* Your instructions
Below is a listing; retype exactly the lines between the one containing "司母戊鼎鑄造于商代晚期,距今" and the one containing "岩石特征描述: 黄玉半自形柱", inclusive, minus the pictures.

* Data extracts
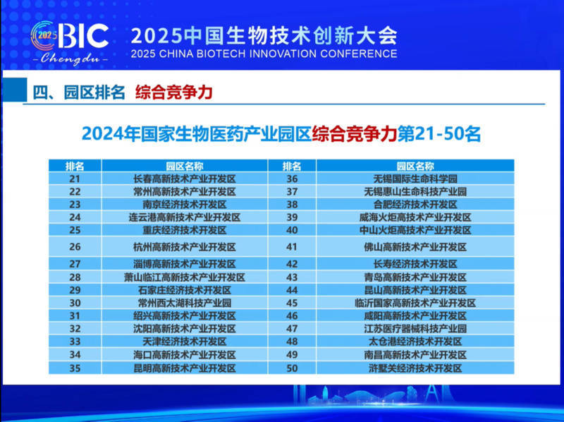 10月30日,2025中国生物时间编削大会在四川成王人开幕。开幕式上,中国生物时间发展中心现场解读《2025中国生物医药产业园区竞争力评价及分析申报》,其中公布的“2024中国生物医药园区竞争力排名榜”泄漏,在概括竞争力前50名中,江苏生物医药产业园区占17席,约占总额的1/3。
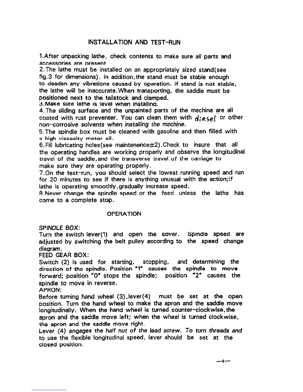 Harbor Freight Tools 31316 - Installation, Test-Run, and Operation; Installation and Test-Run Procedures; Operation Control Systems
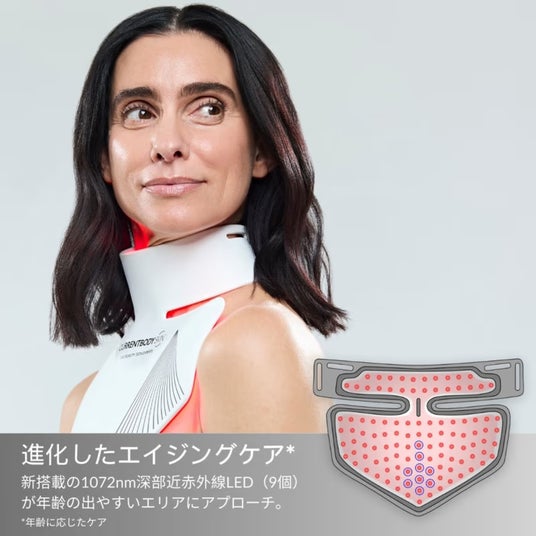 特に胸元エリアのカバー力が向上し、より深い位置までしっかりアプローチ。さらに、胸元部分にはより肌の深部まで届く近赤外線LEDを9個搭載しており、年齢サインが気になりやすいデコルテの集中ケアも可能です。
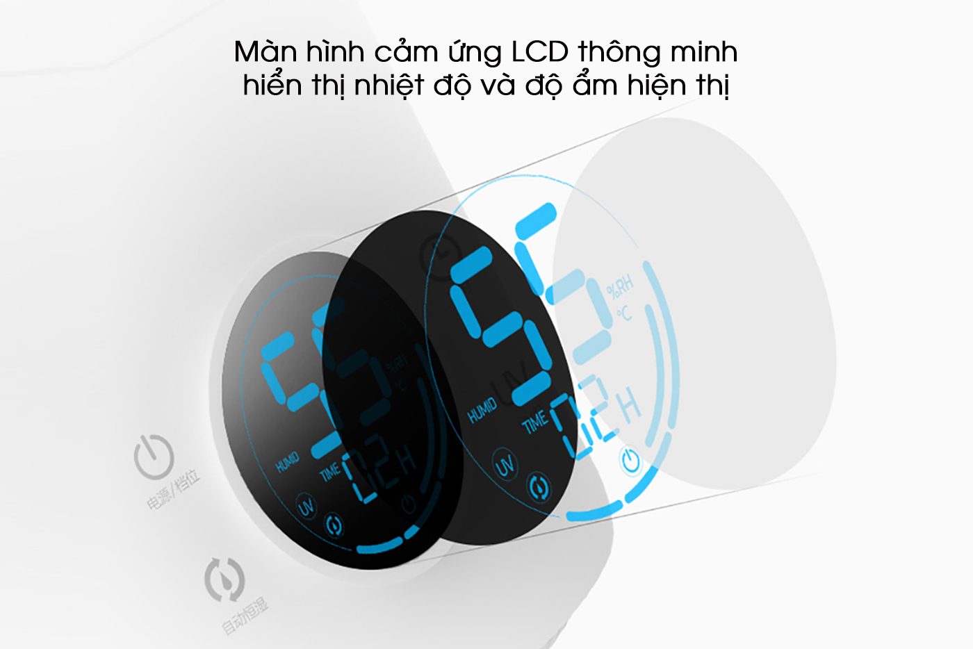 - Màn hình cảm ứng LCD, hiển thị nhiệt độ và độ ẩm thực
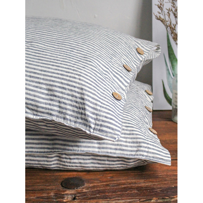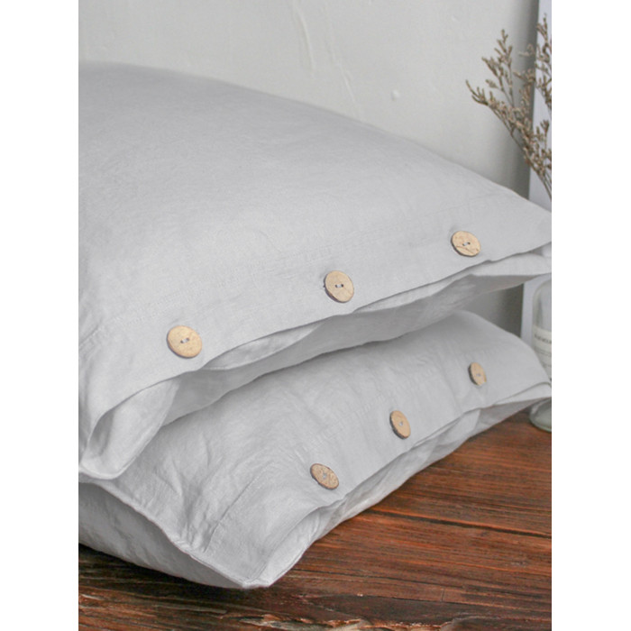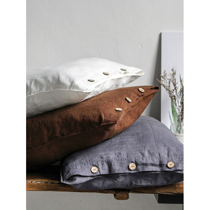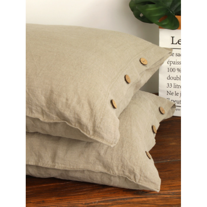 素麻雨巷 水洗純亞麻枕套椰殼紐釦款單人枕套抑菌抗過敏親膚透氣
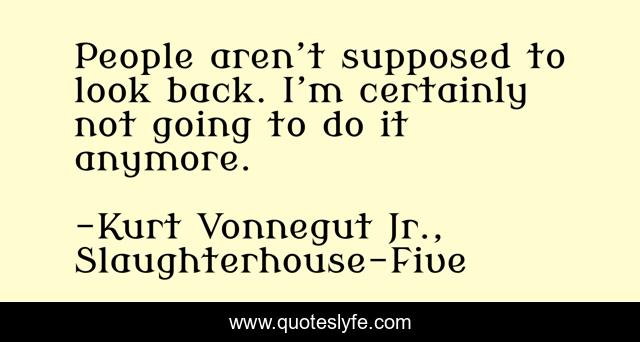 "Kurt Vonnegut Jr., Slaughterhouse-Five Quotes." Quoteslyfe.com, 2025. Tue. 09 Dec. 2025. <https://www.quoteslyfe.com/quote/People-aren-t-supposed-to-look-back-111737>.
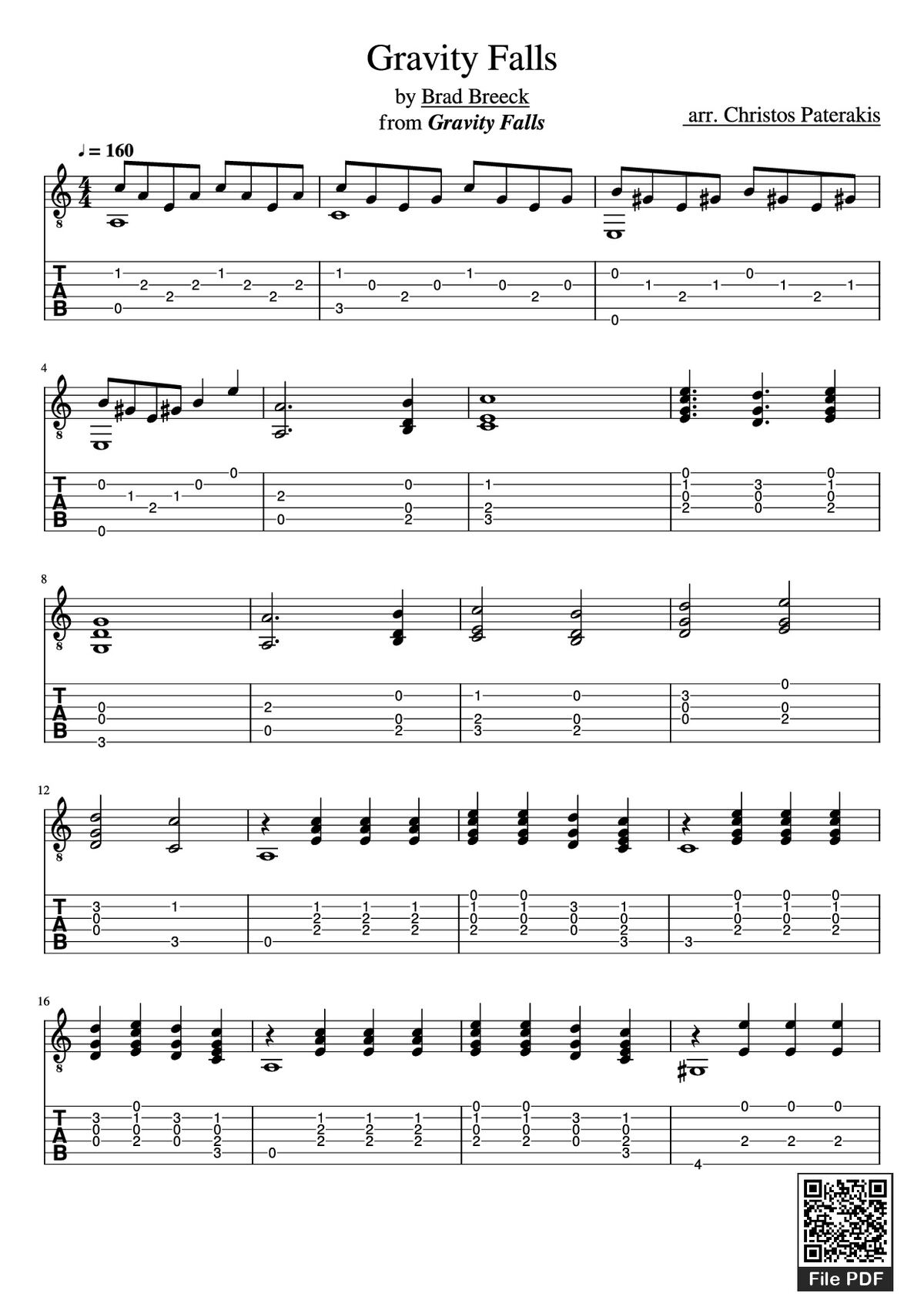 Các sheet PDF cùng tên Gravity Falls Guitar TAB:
---
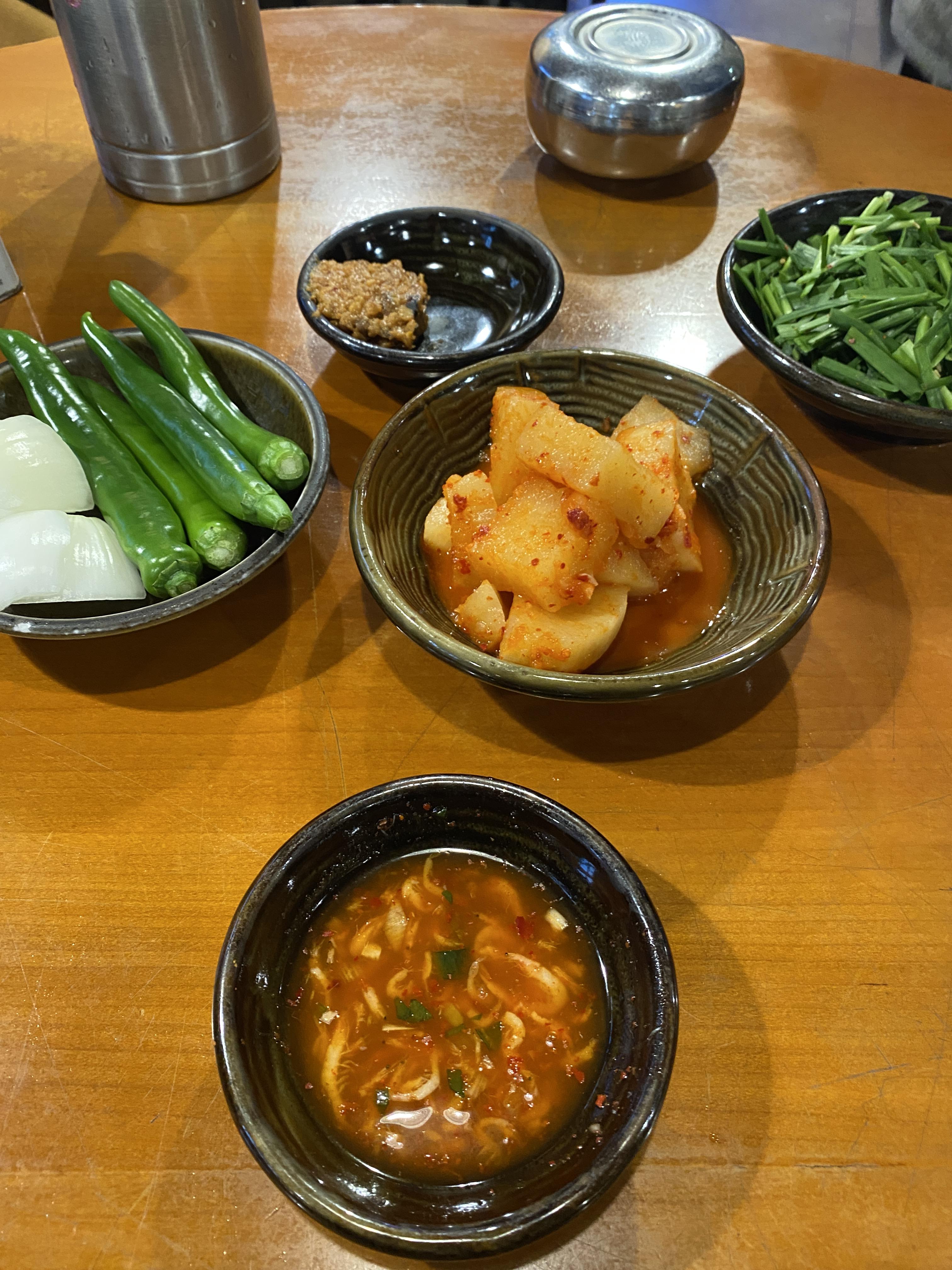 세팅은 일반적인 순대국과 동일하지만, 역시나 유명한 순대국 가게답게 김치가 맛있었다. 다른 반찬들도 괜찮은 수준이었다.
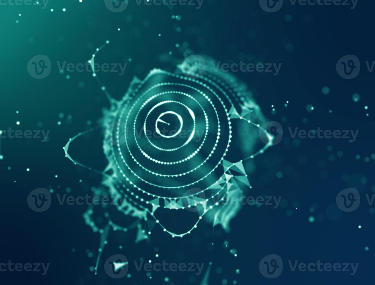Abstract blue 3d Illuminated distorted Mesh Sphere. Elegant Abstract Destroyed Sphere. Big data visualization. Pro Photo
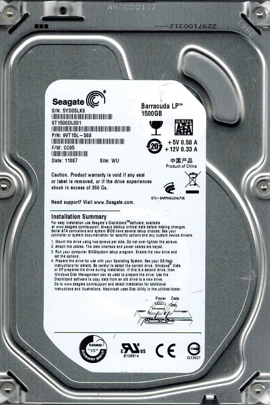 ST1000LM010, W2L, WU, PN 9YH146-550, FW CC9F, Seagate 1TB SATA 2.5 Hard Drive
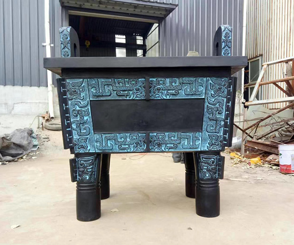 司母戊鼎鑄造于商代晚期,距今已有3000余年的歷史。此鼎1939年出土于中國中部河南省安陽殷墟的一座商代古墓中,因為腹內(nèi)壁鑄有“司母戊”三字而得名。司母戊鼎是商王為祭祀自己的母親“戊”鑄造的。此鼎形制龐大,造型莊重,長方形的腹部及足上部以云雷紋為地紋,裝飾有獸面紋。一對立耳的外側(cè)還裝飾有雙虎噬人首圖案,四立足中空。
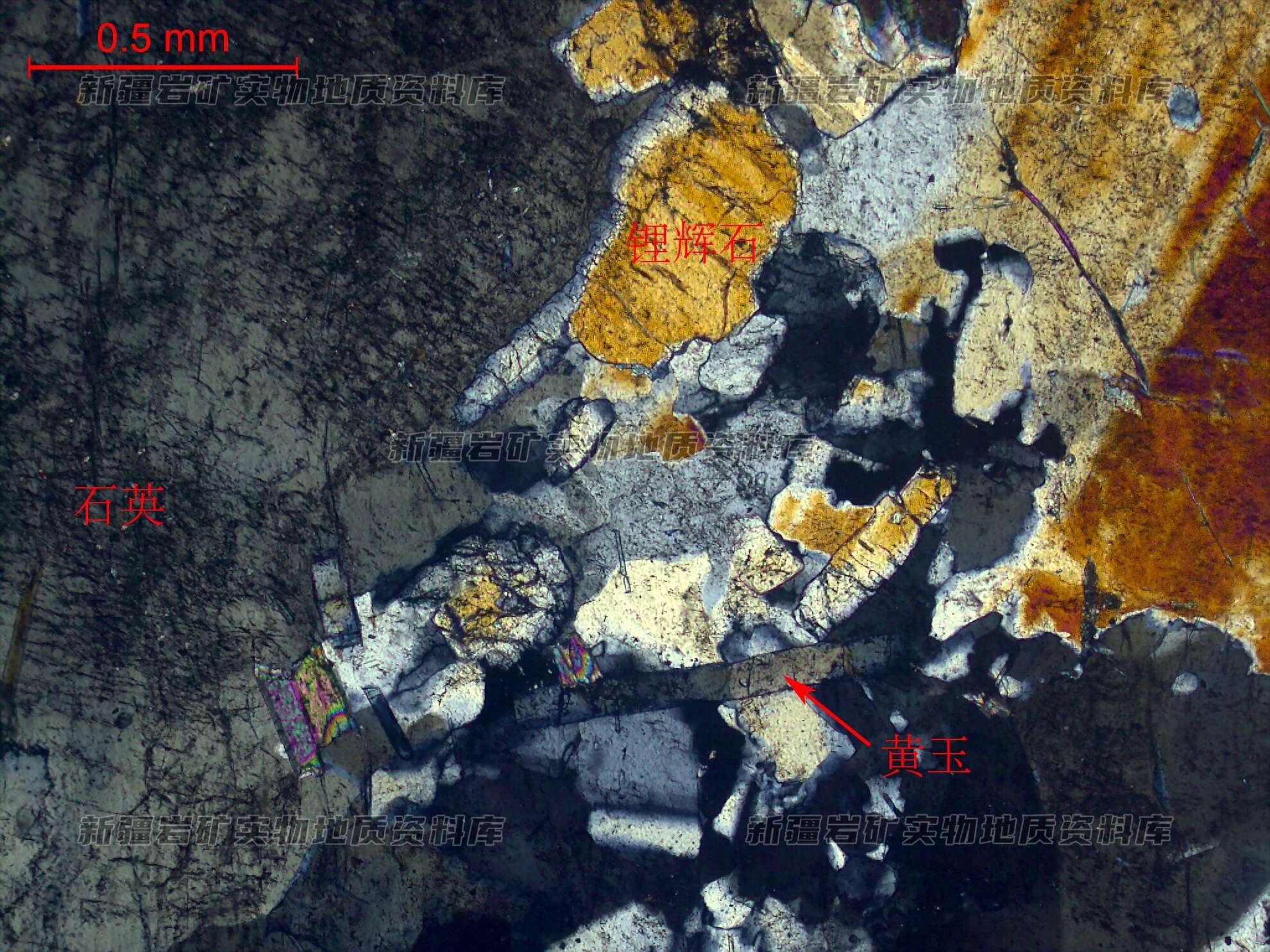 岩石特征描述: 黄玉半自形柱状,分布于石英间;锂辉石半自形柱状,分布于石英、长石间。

* Answer box
 司母戊鼎鑄造于商代晚期,距今已有3000余年的歷史。此鼎1939年出土于中國中部河南省安陽殷墟的一座商代古墓中,因為腹內(nèi)壁鑄有“司母戊”三字而得名。司母戊鼎是商王為祭祀自己的母親“戊”鑄造的。此鼎形制龐大,造型莊重,長方形的腹部及足上部以云雷紋為地紋,裝飾有獸面紋。一對立耳的外側(cè)還裝飾有雙虎噬人首圖案,四立足中空。
 岩石特征描述: 黄玉半自形柱状,分布于石英间;锂辉石半自形柱状,分布于石英、长石间。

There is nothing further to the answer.